THE PROBLEM: Beginning with the line that contains "Девицы-красавицы в русских", copy each subsequent line of the data below through the last one, including both ends but not the pictures.

DATA:
· · ·

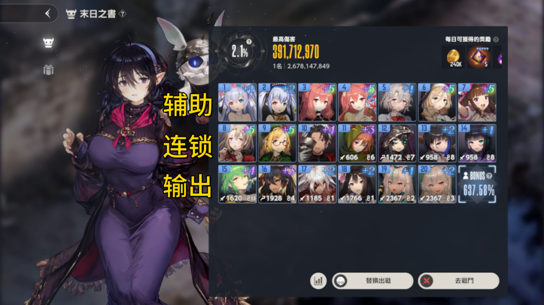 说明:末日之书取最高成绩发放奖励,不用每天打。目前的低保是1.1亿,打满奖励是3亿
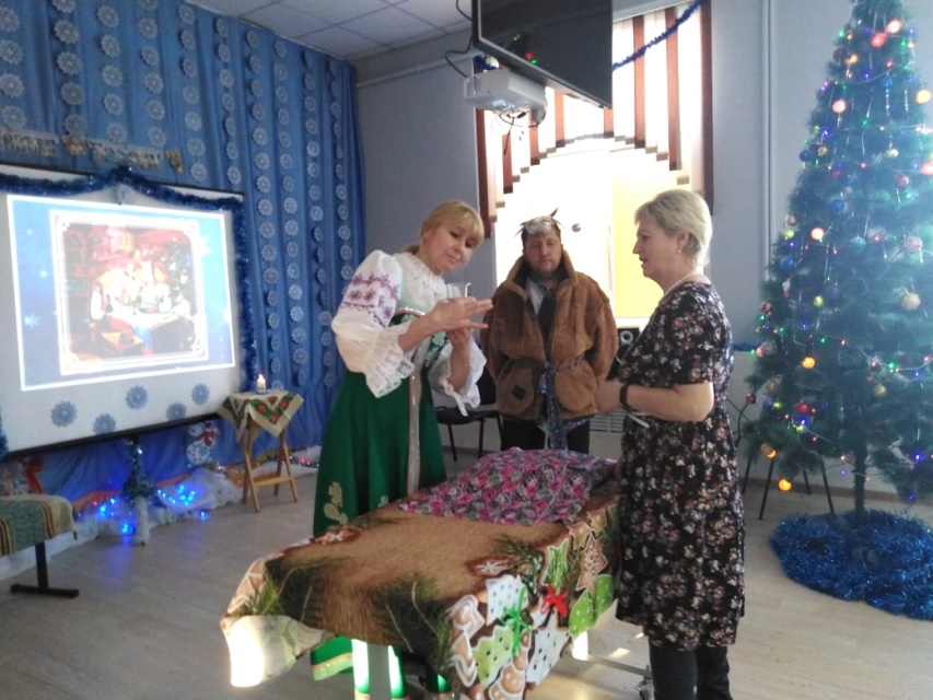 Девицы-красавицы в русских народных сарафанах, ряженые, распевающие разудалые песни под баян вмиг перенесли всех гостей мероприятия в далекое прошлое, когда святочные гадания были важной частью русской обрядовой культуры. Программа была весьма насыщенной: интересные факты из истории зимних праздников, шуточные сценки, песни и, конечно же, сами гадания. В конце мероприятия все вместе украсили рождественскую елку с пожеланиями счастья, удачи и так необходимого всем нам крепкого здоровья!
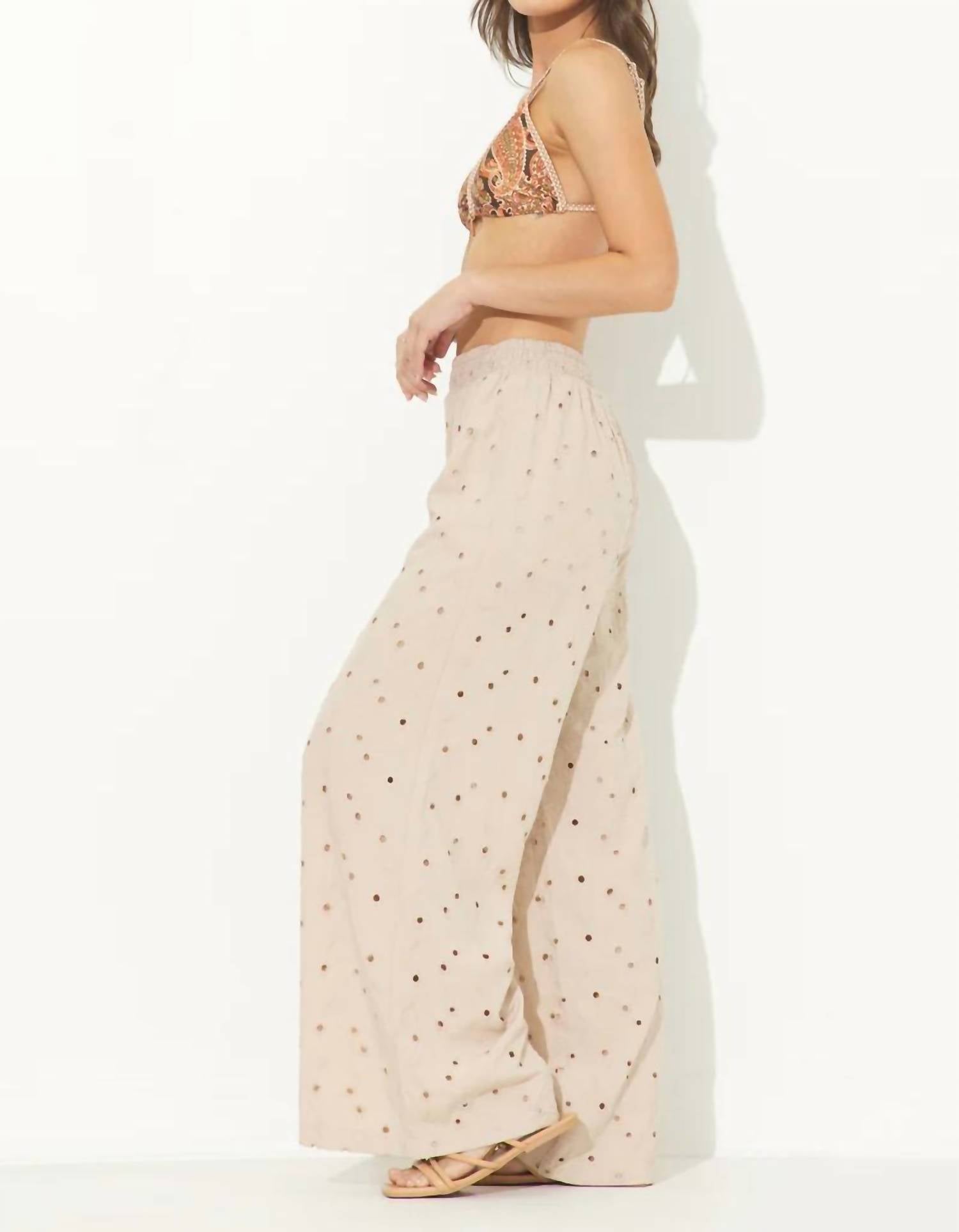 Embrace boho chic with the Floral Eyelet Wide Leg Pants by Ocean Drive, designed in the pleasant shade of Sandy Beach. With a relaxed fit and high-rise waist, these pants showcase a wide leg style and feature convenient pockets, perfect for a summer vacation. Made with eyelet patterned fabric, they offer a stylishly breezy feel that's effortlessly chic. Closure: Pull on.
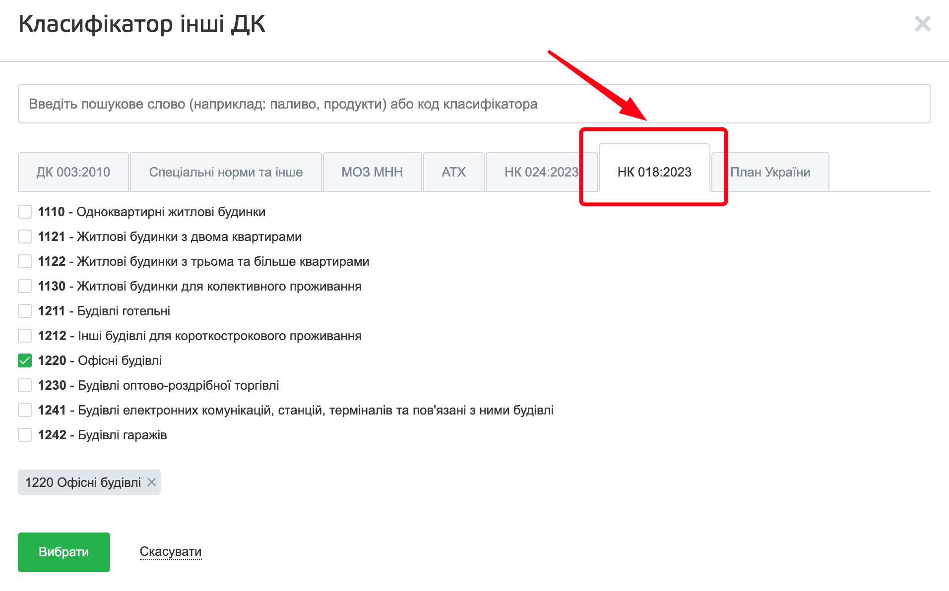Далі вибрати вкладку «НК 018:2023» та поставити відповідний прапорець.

· · ·

SOLUTION:
 Девицы-красавицы в русских народных сарафанах, ряженые, распевающие разудалые песни под баян вмиг перенесли всех гостей мероприятия в далекое прошлое, когда святочные гадания были важной частью русской обрядовой культуры. Программа была весьма насыщенной: интересные факты из истории зимних праздников, шуточные сценки, песни и, конечно же, сами гадания. В конце мероприятия все вместе украсили рождественскую елку с пожеланиями счастья, удачи и так необходимого всем нам крепкого здоровья!
 Embrace boho chic with the Floral Eyelet Wide Leg Pants by Ocean Drive, designed in the pleasant shade of Sandy Beach. With a relaxed fit and high-rise waist, these pants showcase a wide leg style and feature convenient pockets, perfect for a summer vacation. Made with eyelet patterned fabric, they offer a stylishly breezy feel that's effortlessly chic. Closure: Pull on.
Далі вибрати вкладку «НК 018:2023» та поставити відповідний прапорець.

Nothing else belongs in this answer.